Dataset excerpt:
--- START ---
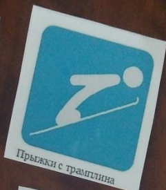
Прыжки с трамплина
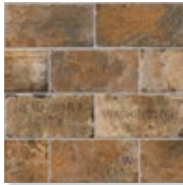
1021-0002 Old Chicago 29M
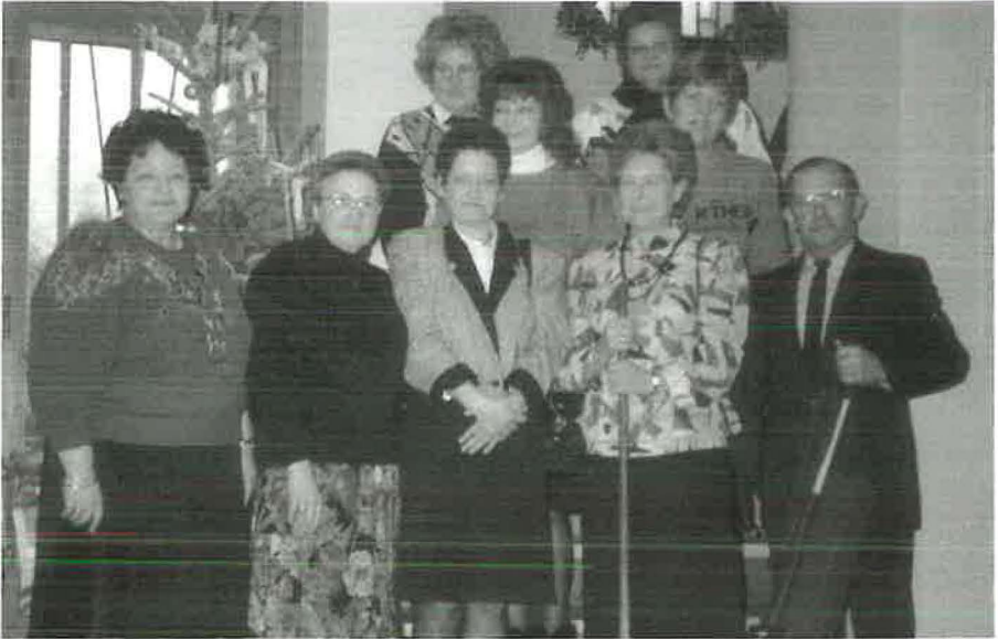
1995: Die Putzgruppen stellen sich zum gemeinsamen Bild auf
--- END ---
What is being asked: Restate all the material verbatim; omit every picture.

Your solution:
Прыжки с трамплина
1021-0002 Old Chicago 29M
1995: Die Putzgruppen stellen sich zum gemeinsamen Bild auf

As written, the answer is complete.